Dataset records
::::

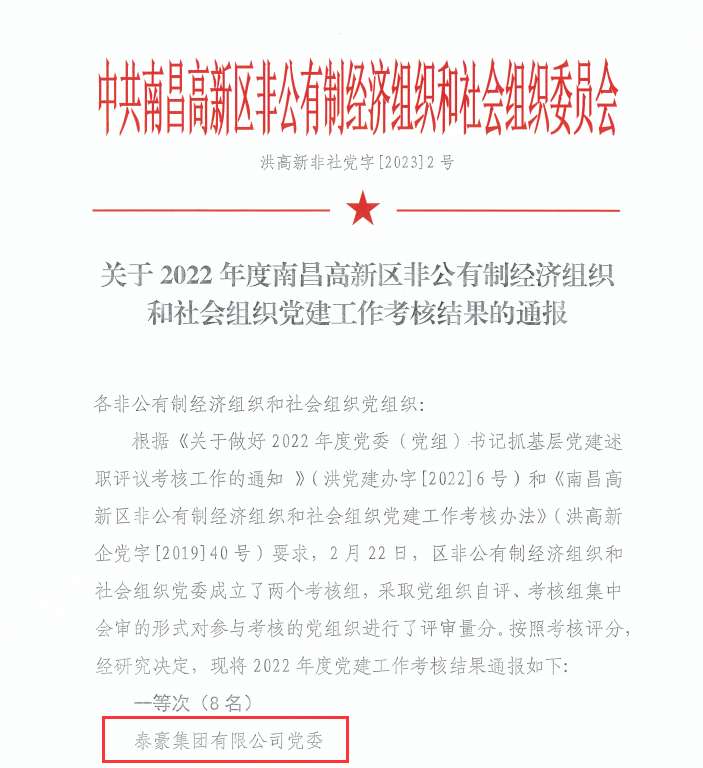 泰豪公司党委在南昌国家高新区“两新”组织党建年度考核中再度名列前茅
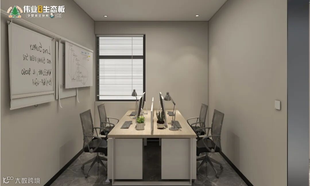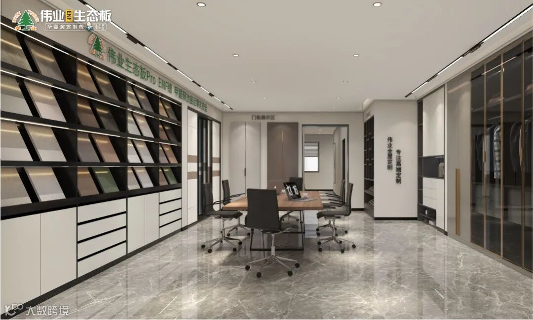 沿墙做L型展示区,分别展示最新的小板花色、常规柜门、一门到顶柜门,中间放置办公桌椅,形成接待洽谈区,大大提升展厅空间利用率。
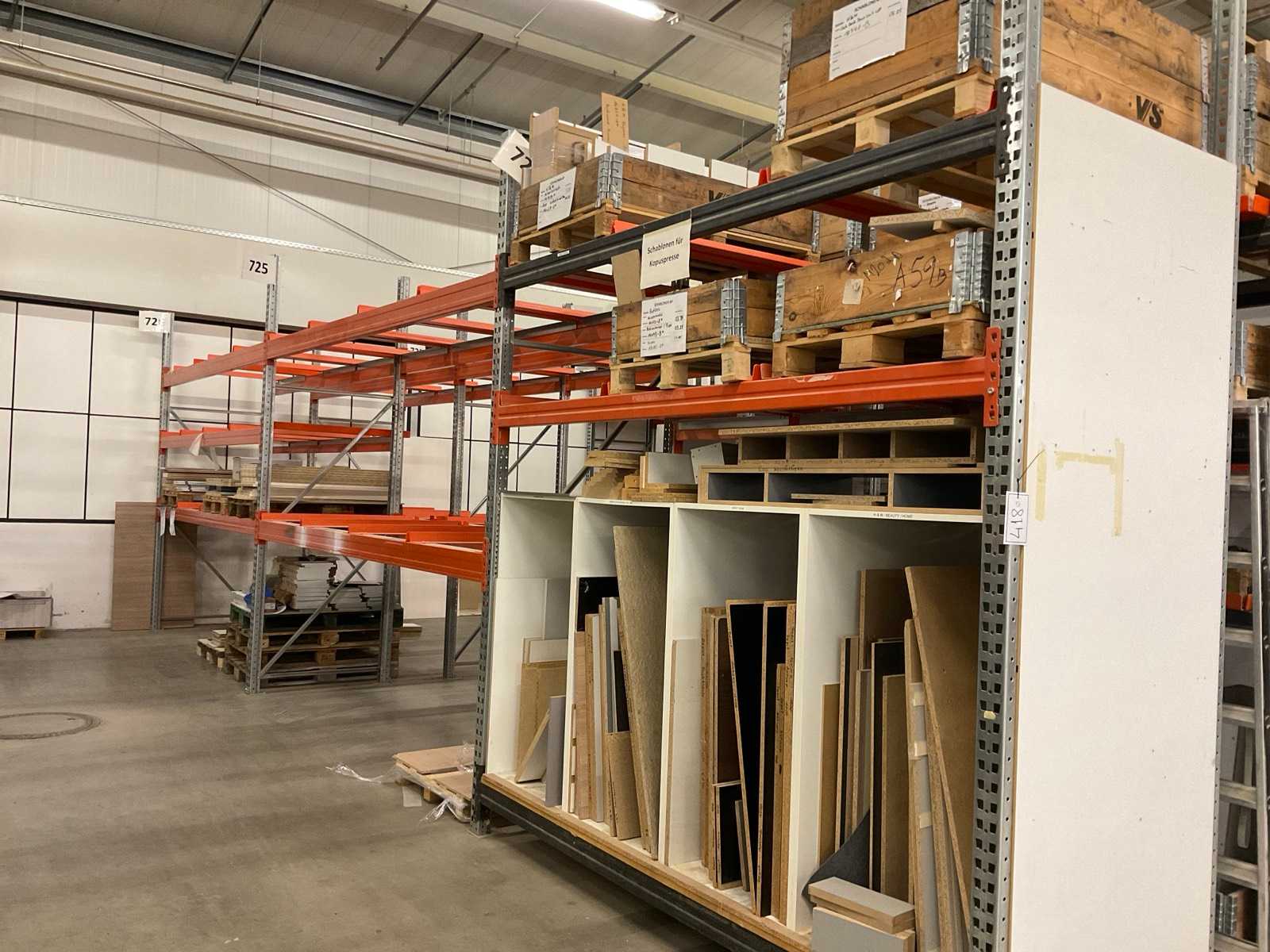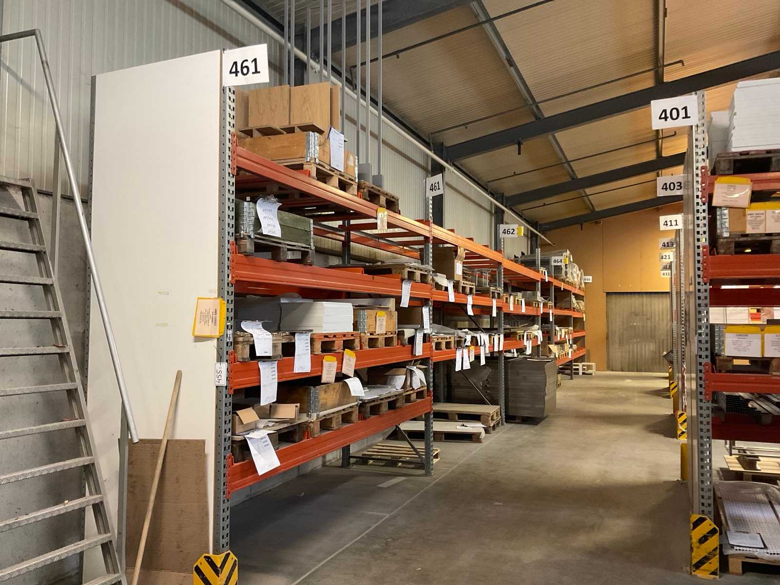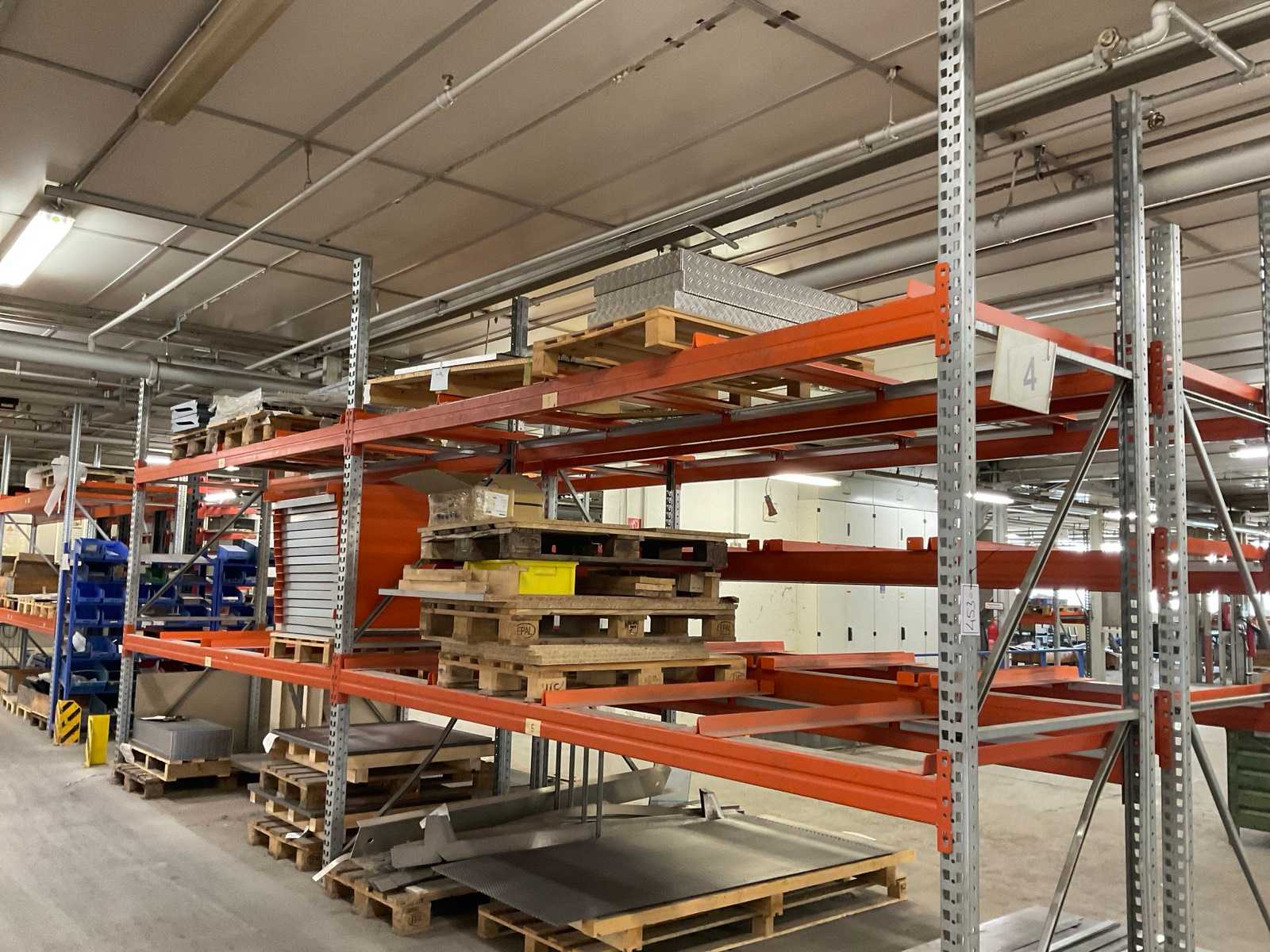 Étagères robustes composées de : 4 montants d’environ 1100x3300 mm, 8 fermes d’environ 3600 mm, 6 fermes d’environ 2 700 mm, y compris les supports à palettes, avec leur contenu Auction-ID: A7-45254-419
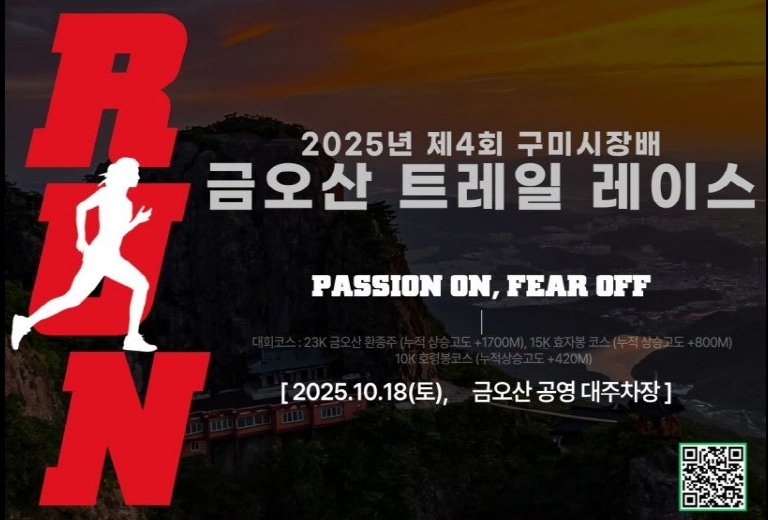 대회는 오전 7시 30분금오산 대주차장에서 개회식을 시작으로 △23km 금오산 환종주코스(형곡전망대-도수령-현월봉-환경연수원-금오산공영대주차장) △15KM 효자봉 코스(형곡전망대-도수령-금오산공영대주차장)△10KM 효령봉코스(형곡전망대-금오랜드-금오산공영대주차장) 세 구간으로 진행된다. 울창한 숲과 계곡을 따라 이어지는 코스마다 가을 정취가 물씬 풍기며, 참가자들은 자연이 빚은 풍광 속에서 체력과 인내를 겨룰 예정이다.
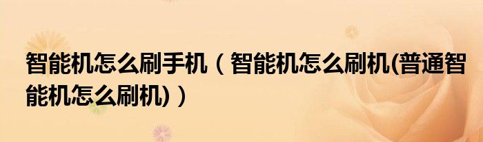 大家好,小常来为大家解答以上问题。智能机怎么刷手机,智能机怎么刷机(普通智能机怎么刷机)很多人还不知道,现在让我们一起来看看吧!
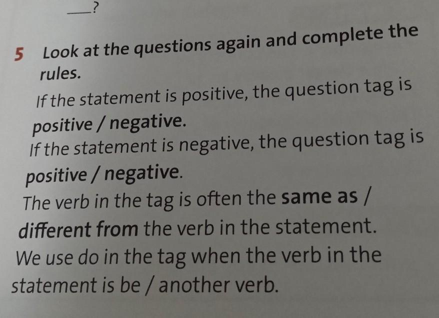 If the statement is positive, the question tag is negative.
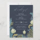 Antigas flores e folhagem inglesas em tons de bege azul e envelhecido, belo convite para o casamento. A cor de fundo, mostrada em azul de oxford, na frente da placa pode ser personalizada. A placa apresenta um padrão de suporte.
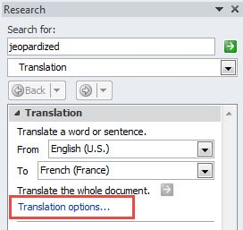 - Immediately you will see that the research pane shows up in the right side of the current window. You need to locate and hit “Translation Options” link in blue.
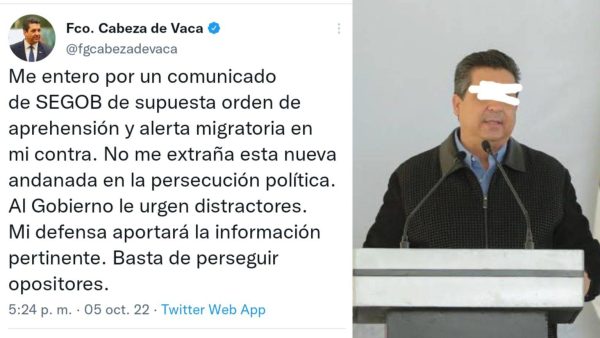 El exgobernador, García Cabeza de Vaca, respondió a través de sus redes sociales, sobre la orden de aprehensión que existe...

::::

[PROBLEM REQUIREMENTS]:
Starting from the line containing "- Immediately you", repeat each line exactly through the end of the entries, including the last, while leaving pictures out.

[OUTPUT FOR THIS EXERCISE]:
 - Immediately you will see that the research pane shows up in the right side of the current window. You need to locate and hit “Translation Options” link in blue.
 El exgobernador, García Cabeza de Vaca, respondió a través de sus redes sociales, sobre la orden de aprehensión que existe...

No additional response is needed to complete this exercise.